SUPPLIED ENTRIES: Begin

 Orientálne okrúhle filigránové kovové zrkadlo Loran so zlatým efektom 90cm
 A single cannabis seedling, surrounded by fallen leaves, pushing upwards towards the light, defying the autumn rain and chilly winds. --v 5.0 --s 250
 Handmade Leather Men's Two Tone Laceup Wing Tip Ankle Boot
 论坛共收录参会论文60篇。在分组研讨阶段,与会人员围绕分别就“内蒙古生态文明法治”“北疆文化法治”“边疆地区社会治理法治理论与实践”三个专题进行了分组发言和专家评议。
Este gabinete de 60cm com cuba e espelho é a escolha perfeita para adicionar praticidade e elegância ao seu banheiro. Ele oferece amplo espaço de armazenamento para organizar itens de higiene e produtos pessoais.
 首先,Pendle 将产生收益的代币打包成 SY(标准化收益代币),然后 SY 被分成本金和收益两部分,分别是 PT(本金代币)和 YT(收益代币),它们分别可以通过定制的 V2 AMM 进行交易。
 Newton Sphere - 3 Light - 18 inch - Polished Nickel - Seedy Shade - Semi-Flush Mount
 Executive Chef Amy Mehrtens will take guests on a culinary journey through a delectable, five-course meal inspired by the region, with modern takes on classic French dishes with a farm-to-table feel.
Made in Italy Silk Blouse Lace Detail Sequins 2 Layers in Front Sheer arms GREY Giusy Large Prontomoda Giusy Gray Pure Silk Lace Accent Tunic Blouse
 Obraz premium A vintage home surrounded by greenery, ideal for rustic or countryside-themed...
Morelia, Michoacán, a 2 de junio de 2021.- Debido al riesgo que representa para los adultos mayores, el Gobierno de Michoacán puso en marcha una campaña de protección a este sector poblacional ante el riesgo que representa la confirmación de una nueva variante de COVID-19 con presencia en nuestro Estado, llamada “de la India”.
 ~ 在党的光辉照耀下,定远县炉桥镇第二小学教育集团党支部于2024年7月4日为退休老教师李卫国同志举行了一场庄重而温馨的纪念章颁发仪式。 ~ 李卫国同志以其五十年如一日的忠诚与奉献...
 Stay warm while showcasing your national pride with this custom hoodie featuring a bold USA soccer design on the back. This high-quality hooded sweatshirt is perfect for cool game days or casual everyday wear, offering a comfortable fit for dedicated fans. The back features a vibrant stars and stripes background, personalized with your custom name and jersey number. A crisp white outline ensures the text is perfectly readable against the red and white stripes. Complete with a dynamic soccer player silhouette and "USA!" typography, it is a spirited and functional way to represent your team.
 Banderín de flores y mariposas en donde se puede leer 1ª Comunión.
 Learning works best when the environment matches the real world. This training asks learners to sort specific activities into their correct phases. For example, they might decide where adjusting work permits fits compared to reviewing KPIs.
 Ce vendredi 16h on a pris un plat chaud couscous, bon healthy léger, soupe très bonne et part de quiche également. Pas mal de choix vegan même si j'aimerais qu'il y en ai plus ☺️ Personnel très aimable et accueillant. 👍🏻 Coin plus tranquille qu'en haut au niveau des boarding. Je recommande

SUPPLIED ENTRIES: End

*TASK STATEMENT:* Each record above must be output without any alteration.

*EXERCISE RESPONSE:*
 Orientálne okrúhle filigránové kovové zrkadlo Loran so zlatým efektom 90cm
 A single cannabis seedling, surrounded by fallen leaves, pushing upwards towards the light, defying the autumn rain and chilly winds. --v 5.0 --s 250
 Handmade Leather Men's Two Tone Laceup Wing Tip Ankle Boot
 论坛共收录参会论文60篇。在分组研讨阶段,与会人员围绕分别就“内蒙古生态文明法治”“北疆文化法治”“边疆地区社会治理法治理论与实践”三个专题进行了分组发言和专家评议。
Este gabinete de 60cm com cuba e espelho é a escolha perfeita para adicionar praticidade e elegância ao seu banheiro. Ele oferece amplo espaço de armazenamento para organizar itens de higiene e produtos pessoais.
 首先,Pendle 将产生收益的代币打包成 SY(标准化收益代币),然后 SY 被分成本金和收益两部分,分别是 PT(本金代币)和 YT(收益代币),它们分别可以通过定制的 V2 AMM 进行交易。
 Newton Sphere - 3 Light - 18 inch - Polished Nickel - Seedy Shade - Semi-Flush Mount
 Executive Chef Amy Mehrtens will take guests on a culinary journey through a delectable, five-course meal inspired by the region, with modern takes on classic French dishes with a farm-to-table feel.
Made in Italy Silk Blouse Lace Detail Sequins 2 Layers in Front Sheer arms GREY Giusy Large Prontomoda Giusy Gray Pure Silk Lace Accent Tunic Blouse
 Obraz premium A vintage home surrounded by greenery, ideal for rustic or countryside-themed...
Morelia, Michoacán, a 2 de junio de 2021.- Debido al riesgo que representa para los adultos mayores, el Gobierno de Michoacán puso en marcha una campaña de protección a este sector poblacional ante el riesgo que representa la confirmación de una nueva variante de COVID-19 con presencia en nuestro Estado, llamada “de la India”.
 ~ 在党的光辉照耀下,定远县炉桥镇第二小学教育集团党支部于2024年7月4日为退休老教师李卫国同志举行了一场庄重而温馨的纪念章颁发仪式。 ~ 李卫国同志以其五十年如一日的忠诚与奉献...
 Stay warm while showcasing your national pride with this custom hoodie featuring a bold USA soccer design on the back. This high-quality hooded sweatshirt is perfect for cool game days or casual everyday wear, offering a comfortable fit for dedicated fans. The back features a vibrant stars and stripes background, personalized with your custom name and jersey number. A crisp white outline ensures the text is perfectly readable against the red and white stripes. Complete with a dynamic soccer player silhouette and "USA!" typography, it is a spirited and functional way to represent your team.
 Banderín de flores y mariposas en donde se puede leer 1ª Comunión.
 Learning works best when the environment matches the real world. This training asks learners to sort specific activities into their correct phases. For example, they might decide where adjusting work permits fits compared to reviewing KPIs.
 Ce vendredi 16h on a pris un plat chaud couscous, bon healthy léger, soupe très bonne et part de quiche également. Pas mal de choix vegan même si j'aimerais qu'il y en ai plus ☺️ Personnel très aimable et accueillant. 👍🏻 Coin plus tranquille qu'en haut au niveau des boarding. Je recommande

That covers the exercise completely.